• [WHAT THE TASK REQUIRES] Your task is to restate word for word the lines in the material below, from the one with "オリパラ教育 新川中学校でオリンピアン講演 2026.02.10" up to and including the one with "1. Переходим в". Do not carry over the pictures.

---------- MATERIALS PROVIDED

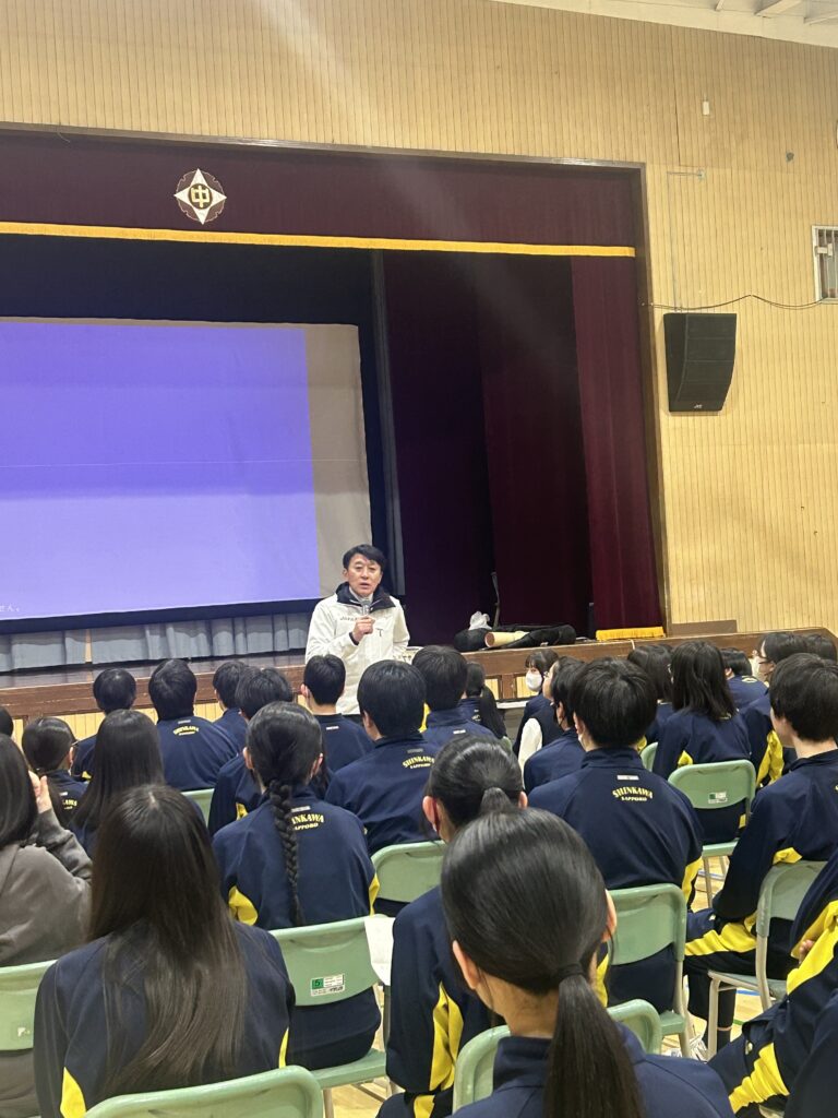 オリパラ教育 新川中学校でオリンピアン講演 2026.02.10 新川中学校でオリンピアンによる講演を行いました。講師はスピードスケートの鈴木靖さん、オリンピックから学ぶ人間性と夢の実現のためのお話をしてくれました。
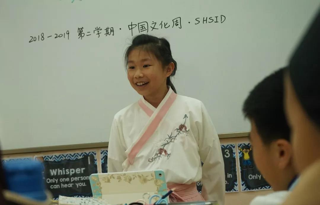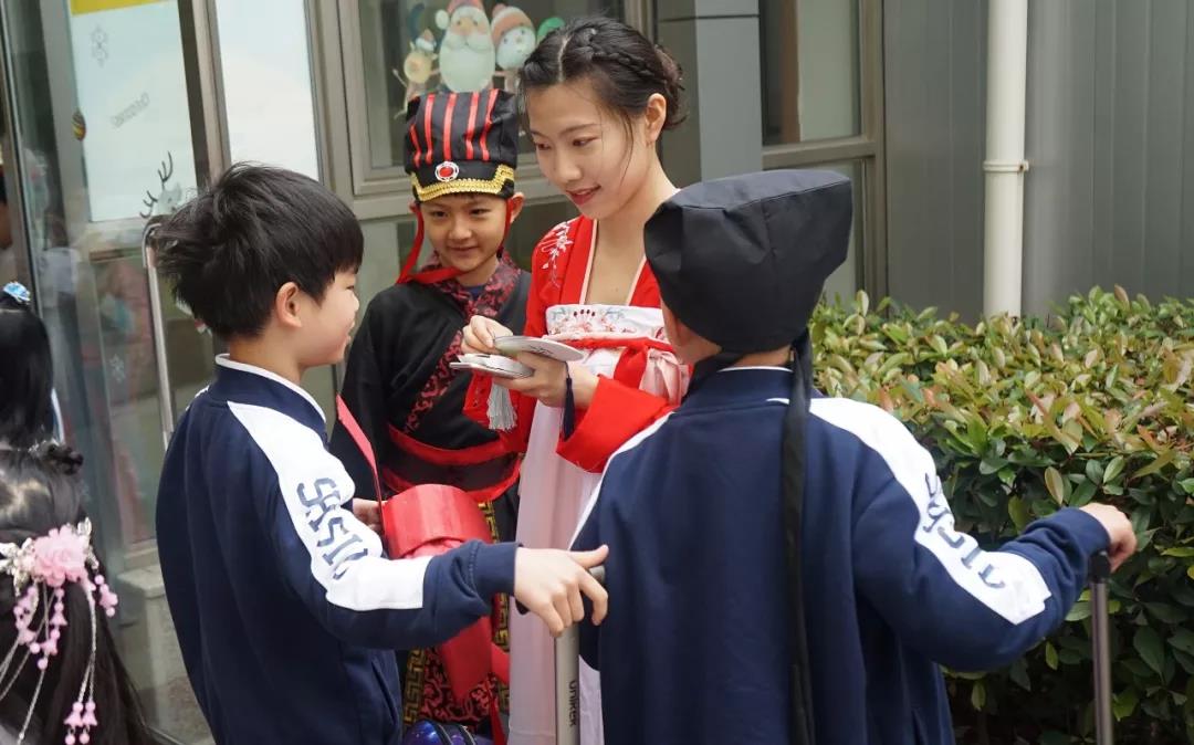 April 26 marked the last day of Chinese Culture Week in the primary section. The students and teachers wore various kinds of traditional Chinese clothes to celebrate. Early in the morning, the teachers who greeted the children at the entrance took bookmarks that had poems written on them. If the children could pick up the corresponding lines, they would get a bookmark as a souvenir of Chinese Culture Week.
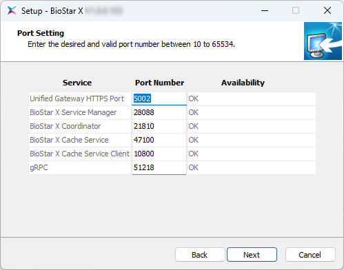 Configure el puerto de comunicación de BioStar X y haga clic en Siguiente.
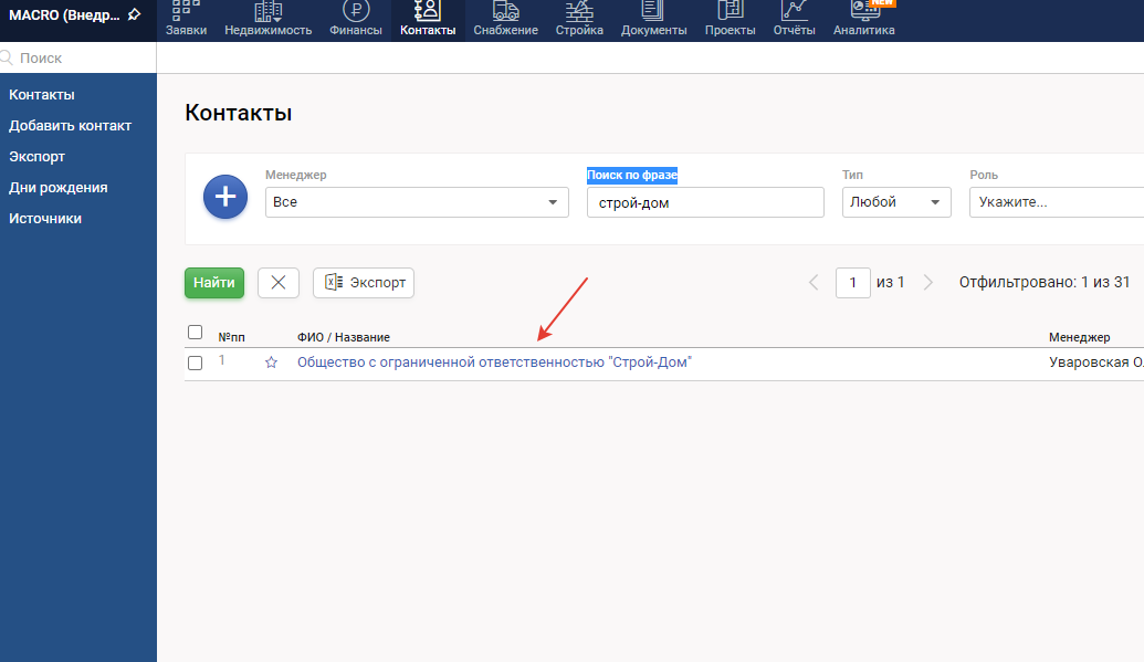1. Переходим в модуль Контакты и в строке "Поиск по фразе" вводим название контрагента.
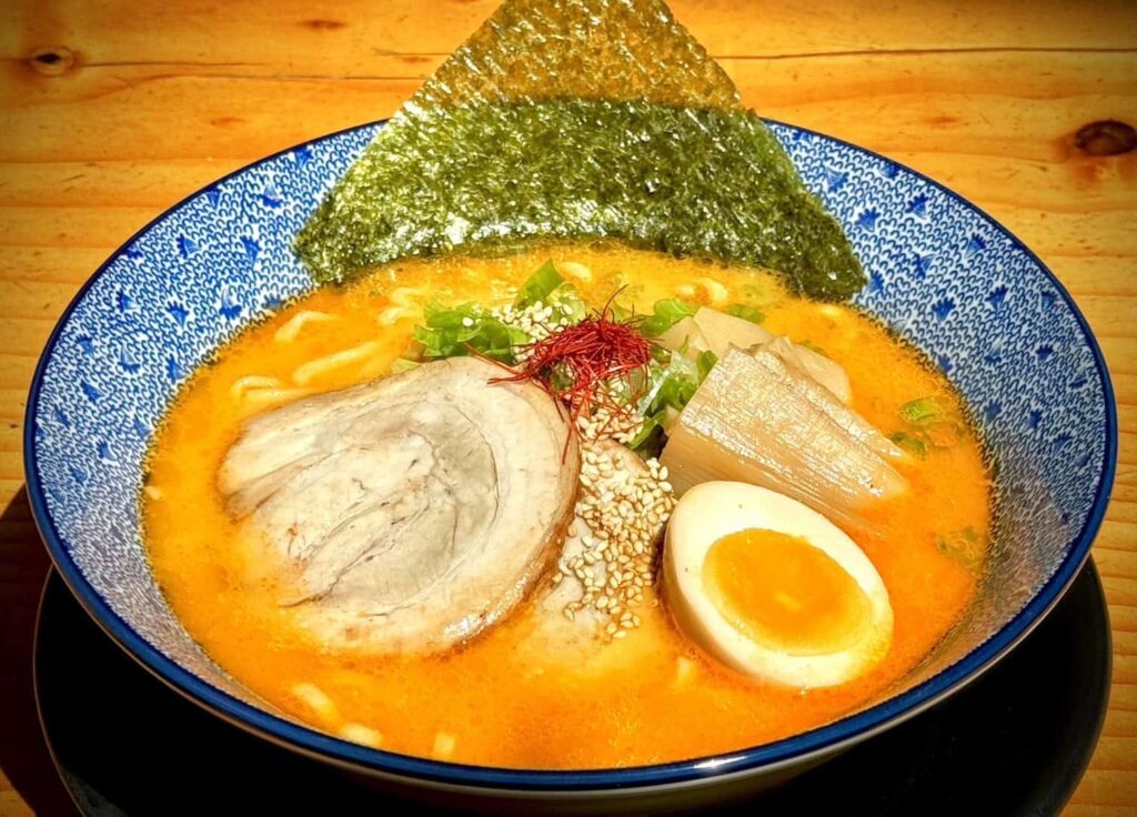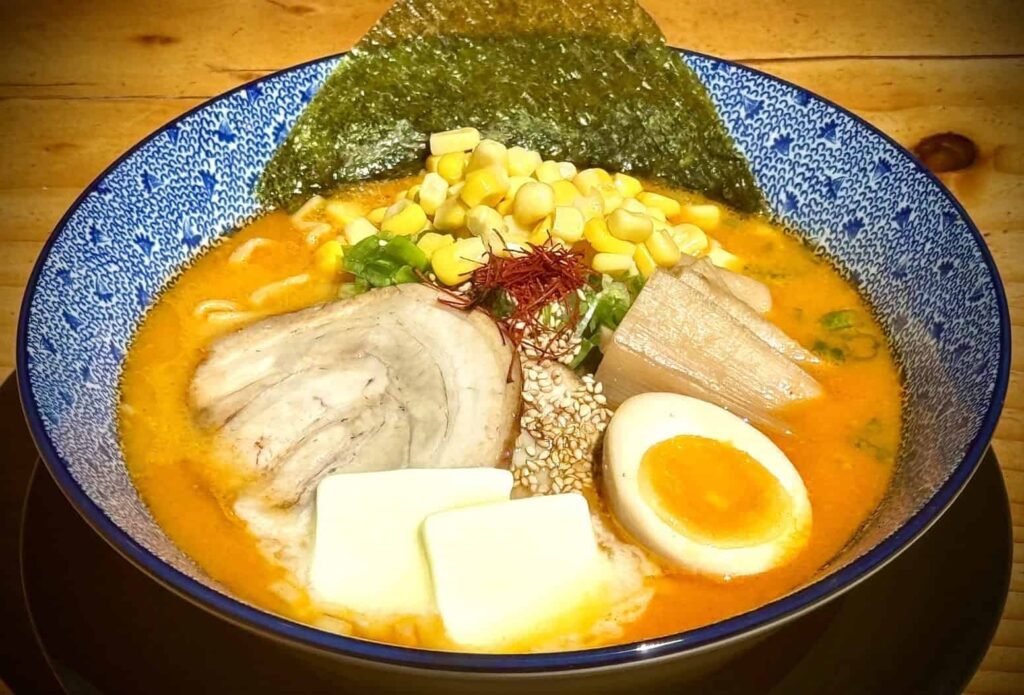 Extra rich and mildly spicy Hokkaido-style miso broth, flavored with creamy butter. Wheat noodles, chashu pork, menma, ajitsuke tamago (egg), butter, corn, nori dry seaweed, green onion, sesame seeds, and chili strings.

--------------------
---------- MATERIALS PROVIDED

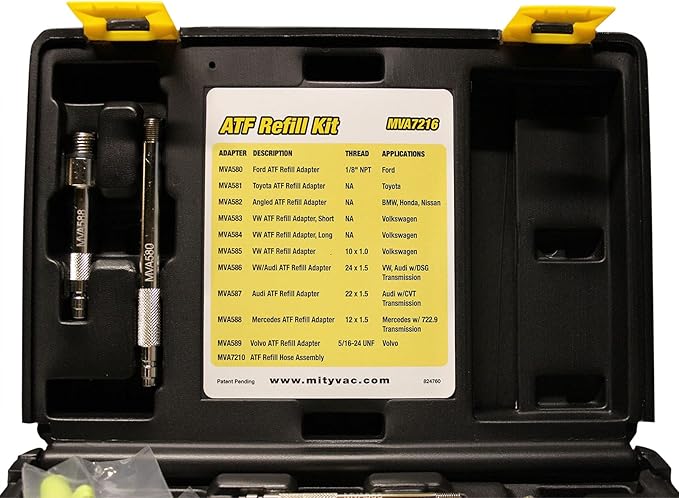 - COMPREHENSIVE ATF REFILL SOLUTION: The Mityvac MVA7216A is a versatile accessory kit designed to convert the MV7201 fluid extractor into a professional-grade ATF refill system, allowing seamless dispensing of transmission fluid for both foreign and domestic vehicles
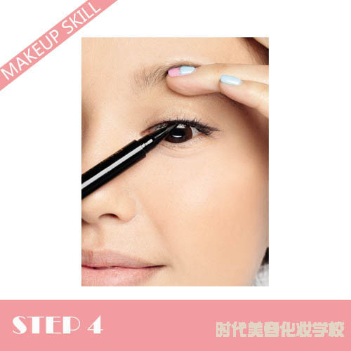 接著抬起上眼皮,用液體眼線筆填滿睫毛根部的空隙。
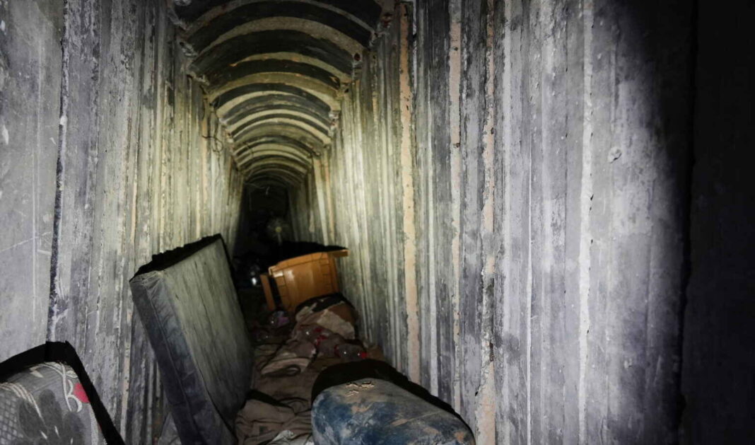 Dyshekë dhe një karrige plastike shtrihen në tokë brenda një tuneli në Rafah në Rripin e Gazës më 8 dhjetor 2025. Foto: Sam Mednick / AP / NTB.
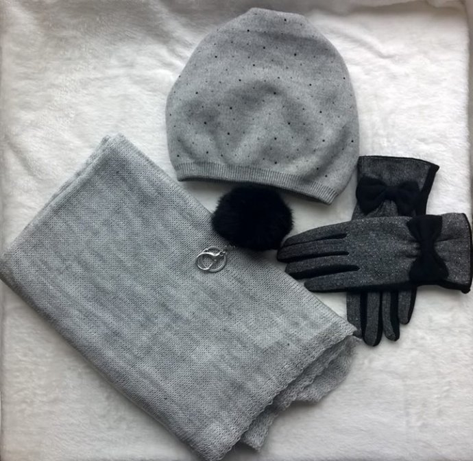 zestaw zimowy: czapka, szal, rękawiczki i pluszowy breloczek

--------------------

• [REPLY TO THE EXERCISE]
 オリパラ教育 新川中学校でオリンピアン講演 2026.02.10 新川中学校でオリンピアンによる講演を行いました。講師はスピードスケートの鈴木靖さん、オリンピックから学ぶ人間性と夢の実現のためのお話をしてくれました。
 April 26 marked the last day of Chinese Culture Week in the primary section. The students and teachers wore various kinds of traditional Chinese clothes to celebrate. Early in the morning, the teachers who greeted the children at the entrance took bookmarks that had poems written on them. If the children could pick up the corresponding lines, they would get a bookmark as a souvenir of Chinese Culture Week.
 Configure el puerto de comunicación de BioStar X y haga clic en Siguiente.
1. Переходим в модуль Контакты и в строке "Поиск по фразе" вводим название контрагента.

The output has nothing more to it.